6. Open the read a file :: With OneFS 8.1.2 files operation can be performed with single REST API call.

[root@hawkeye03 ~]# curl --negotiate -i -L -u : "http://isilon40g.kanagawa.demo:8082/webhdfs/v1/tmp/webhdfs_test_dir/WebHDFS_read.txt?user.name=hdfs-hdp265&op=OPEN"             HTTP/1.1 307 Temporary Redirect
Date: Mon, 17 Sep 2018 08:18:45 GMT
Server: Apache/2.4.29 (FreeBSD) OpenSSL/1.0.2o-fips mod_fastcgi/mod_fastcgi-SNAP-0910052141
Location: http://172.16.59.102:8082/webhdfs/v1/tmp/webhdfs_test_dir/WebHDFS_read.txt?user.name=hdfs-hdp265&op=OPEN&datanode=true
Content-Length: 0
Content-Type: application/octet-stream
HTTP/1.1 200 OK
Date: Mon, 17 Sep 2018 08:18:45 GMT
Server: Apache/2.4.29 (FreeBSD) OpenSSL/1.0.2o-fips mod_fastcgi/mod_fastcgi-SNAP-0910052141
Content-Length: 30
Content-Type: application/octet-stream


Sample WebHDFS read test file

 

or

[root@hawkeye03 ~]# curl --negotiate -L -u : "http://isilon40g.kanagawa.demo:8082/webhdfs/v1/tmp/webhdfs_test_dir/WebHDFS_read.txt?op=OPEN&datanode=true"
Sample WebHDFS read test file
[root@hawkeye03 ~]#

 

7. Rename DIRECTORY

[root@hawkeye03 ~]# curl --negotiate -u : -X PUT "http://isilon40g.kanagawa.demo:8082/webhdfs/v1/tmp/webhdfs_test_dir?op=RENAME&destination=/tmp/webhdfs_test_dir_renamed"
{
   "boolean" : true
}
[root@hawkeye03 ~]# hadoop fs -ls /tmp/ | grep webhdfs
drwxr-xr-x   - root      hdfs          0 2018-09-16 19:48 /tmp/webhdfs_test_dir_renamed

 

8. Delete directory :: Directory should be empty to delete

[root@hawkeye03 ~]# curl --negotiate -u : -X DELETE "http://isilon40g.kanagawa.demo:8082/webhdfs/v1/tmp/webhdfs_test_dir_renamed?op=DELETE"
{
   "RemoteException" : {
      "exception" : "PathIsNotEmptyDirectoryException",
      "javaClassName" : "org.apache.hadoop.fs.PathIsNotEmptyDirectoryException",
      "message" : "Directory is not empty."
   }
}
[root@hawkeye03 ~]#

 

Once the directory contents are removed, it can be deleted

[root@hawkeye03 ~]# curl --negotiate -u : -X DELETE "http://isilon40g.kanagawa.demo:8082/webhdfs/v1/tmp/webhdfs_test_dir_renamed?op=DELETE"
{
   "boolean" : true
}
[root@hawkeye03 ~]# hadoop fs -ls /tmp | grep webhdfs
[root@hawkeye03 ~]#

Summary

WebHDFS provides a simple, standard way to execute Hadoop filesystem operations by an external client that does not necessarily run on the Hadoop cluster itself.

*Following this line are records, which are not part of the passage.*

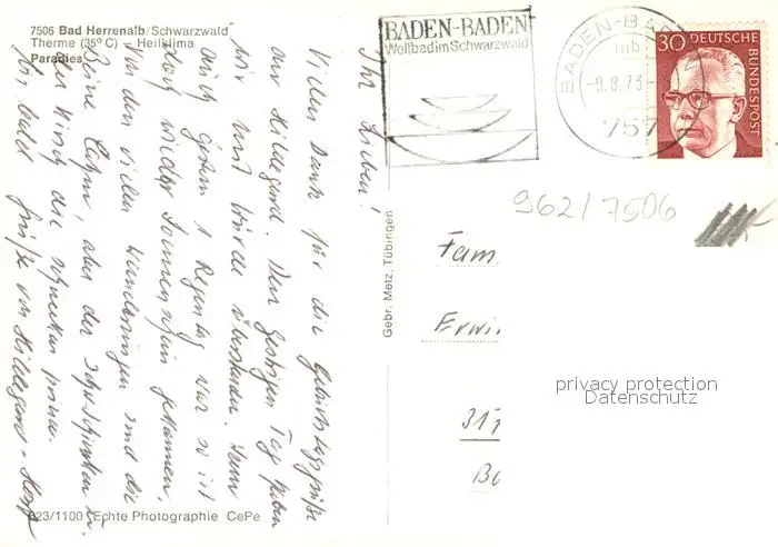 Bad_Herrenalb Bad_Herrenalb postalisch gelaufen 1973 Erhaltung siehe scans [NatalD47] NataID47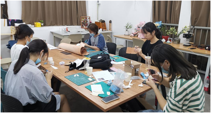 工作室自创建以来,先后完善了工作室环境及硬件设备,规范了工作室管理制度,制作工作室人员信息墙。每学期工作室召开一次计划会,讨论本学期计划,确定阶段工作目标和内容。每学期末召开一次总结会,总结经验成果,梳理问题并共同解决。同时为学生提供皮具制作等手工课程,在满足学生休闲爱好的同时缓解设计参赛的压力。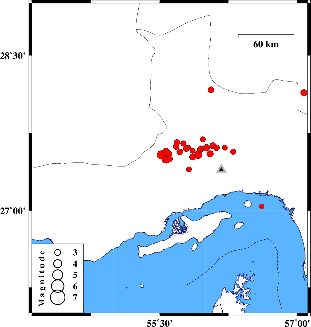 2006/04/04 | 10:27:09.5 | 13:57:09.5 | 27.54 | 55.92 | 14 | ML:3.7 | 53 km North-West of Bandar-e abbas, Hormozgan Province | ||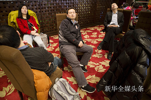 人前風光亮麗,人后辛苦不易!半S時隨地養(yǎng)精蓄銳”是兩會記者必須get的技能。 新華社記者 才揚 攝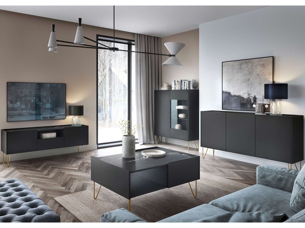 Kolekcia HARMONY pozostáva z elegantných kusov nábytku vhodných do modernej obývacej izby. Výrazná farba čierneho grafitu v kombinácii so zlatými kovovými nožičkami a vrchnou doskou s imitáciou čierneho mramoru pôsobí luxusne a dizajnovo. Na výrobu nábytku bola použitá kvalitná laminovaná doska s odolnými ABS hranami a kov. Každý kus z kolekcie má 20 cm vysoké kovové nožičky v zlatej farbe, vďaka ktorým je nábytok v ideálnej výške od zeme a miestnosť pôsobí vzdušne.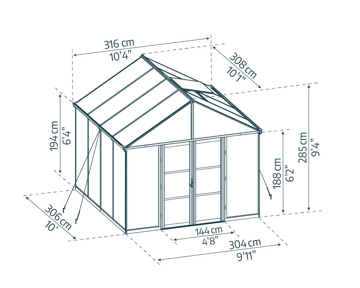 - Resilient Polycarbonate Panels: 10 mm multi-wall roof panels protect from strong sunlight exposure and extend your season by protecting plants from Fall frosts

The requirement for WebHDFS is that the client needs to have a direct connection to namenode and datanodes via the predefined ports. Hadoop HDFS over HTTP – that was inspired by HDFS Proxy – addresses these limitations by providing a proxy layer based on preconfigured Tomcat bundle; it is interoperable with WebHDFS API but does not require the firewall ports to be open for the client.